ADA sells this aquarium size in different thickness. You can get in 12mm and 15mm glas thickness.

But all the big aquarium in ADA Gallery are made in 15mm glas from a special manufactor. This aquarium are made complete in "White-Glas" (Optiwhite-Glas) I don't know the skilled name for it in English. Also the bottom pane are made of this glas type. You have a better (clearer) color fidelity with this glas...maybe not the right word.

Best regards,

Oliver Knott
www.plantella.com


----------



## jho51e (Jan 19, 2005)

*expensive?*

Thanks Oliver!

I guess these tanks are expensive. I would love to have one! Definately on my wishlish!!

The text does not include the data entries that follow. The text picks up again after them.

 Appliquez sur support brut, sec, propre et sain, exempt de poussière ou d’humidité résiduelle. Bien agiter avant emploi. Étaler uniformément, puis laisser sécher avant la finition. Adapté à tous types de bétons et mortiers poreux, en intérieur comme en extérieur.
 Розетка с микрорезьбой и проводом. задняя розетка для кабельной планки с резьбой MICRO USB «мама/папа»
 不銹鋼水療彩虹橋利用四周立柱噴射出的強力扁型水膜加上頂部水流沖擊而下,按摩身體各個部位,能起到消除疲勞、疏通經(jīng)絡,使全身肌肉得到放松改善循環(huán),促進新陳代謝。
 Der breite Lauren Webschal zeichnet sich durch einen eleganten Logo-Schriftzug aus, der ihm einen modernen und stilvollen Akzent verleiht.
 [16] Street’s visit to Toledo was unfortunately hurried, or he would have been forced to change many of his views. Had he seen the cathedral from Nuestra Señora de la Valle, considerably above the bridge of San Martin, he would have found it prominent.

By the way, love your site!!


----------



## gnatster (Mar 6, 2004)

Optiwhite is a type of low iron glass made by Pilkington that does not have the same green tint that you see in the regular grades of glass used by both All Glass and Perfecto. PPG has a similiar product called Starphire and Guardian Glass calls thiers UltraWhite.


----------



## jho51e (Jan 19, 2005)

*pipes for this size tank?*

Thanks! I will check locally and see which companies have these types of glass and then find someone to make it for me...

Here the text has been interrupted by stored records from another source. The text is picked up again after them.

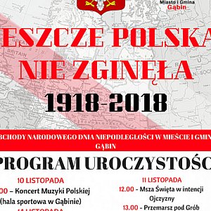 W setną rocznicę odzyskania Niepodległości przez Polskę, obchody w Gąbinie będą wyjątkowe. Rozpoczną się 10 listopada w hali sportowej. O godzinie 17 rozpocznie się tam Koncert Muzyki Polskiej. Kulminacyjnym punktem obchodów będzie Msza Święta w dniu 11 listopada. Eucharystia rozpocznie się o godzinie 12 w gąbińskim kościele. Ostatnim wydarzeniem, organizowanym w ramach obchodów Święta Niepodległości będzie Bieg Niepodległości zaplanowany na 14 listopada.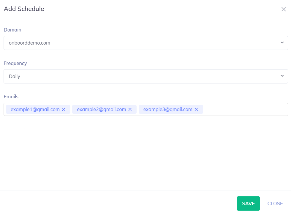 La boîte de dialogue Add Schedule apparaît. Saisissez le domaine pour lequel vous souhaitez programmer vos rapports PDF, sélectionnez la fréquence de réception de ces rapports (quotidienne, hebdomadaire, mensuelle, annuelle), ajoutez l'adresse électronique à laquelle vous souhaitez que ces rapports soient envoyés et cliquez sur Enregistrer.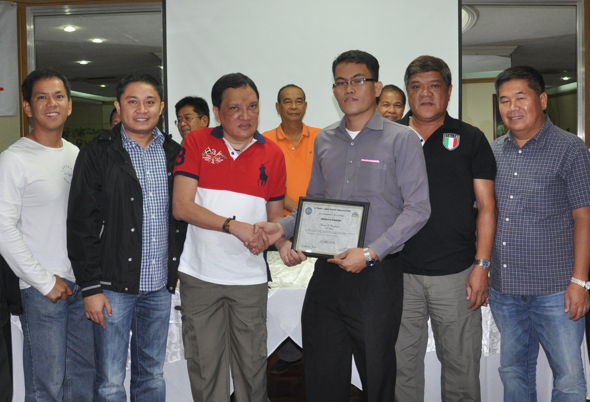 CPA BOARD TOPNOTCHER. Las Piñas City Mayor Vergel ‘Nene’ Aguilar (4th, left) congratulates Dennis Magallanes of Dr. Filemon C. Aguilar Memorial College (DFCAMC) as 10th placer in May 2011 Certified Public Accountancy Board Exam and 20 other passers. DFCAMC, a city run college education, garnered a 70% passing rate, one of the highest rates in the country. Mayor Aguilar grants a free quality four-year College degree and Information Technology education to more than 3,500 students yearly. With him (L-R), Councilor Rex Riguera, Councilor Carlo Aguilar, Vice Mayor Louie Bustamante and Councilor Henry Medina.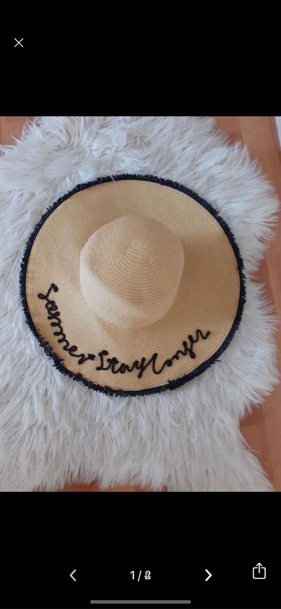 Sentetik kumaştan yapılmış, püsküllü ve siyah yazılı bej bohem tarzı kadın şapkası.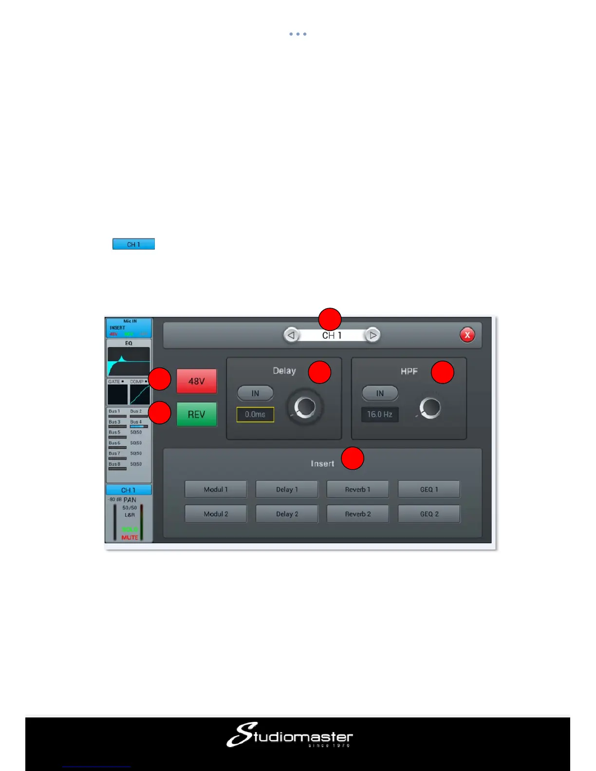 Press to enable 48V phantom power for the MIC channel. Press again to disable it. Default

Wondering also, for this size tank, what size lily pipe was being used? I was browsing the ADG site and there seems to be a few sizes available. Got me all confused!


----------



## Recoil (Jan 25, 2005)

Just a simple question; 

Where can i find the ADA product range information on the web?

Thanks.


----------



## fishfry (Apr 15, 2004)

Recoil said:


> Just a simple question;
> 
> Where can i find the ADA product range information on the web?
> 
> Thanks.


http://www.aquariumdesigngroup.com/index.php?option=com_wrapper&wrap=ShopADG

they also have a special forum on this site


----------



## Rolo (May 12, 2004)

Just got curious...

What is the glass thickness of the 120x45x45?
Is the bottom glass tempered, and are any of these clearer grades of glass stronger then regular low-iron grade?
Are all the pieces simply glued in to place with aquarium silicone?

Thanks,


----------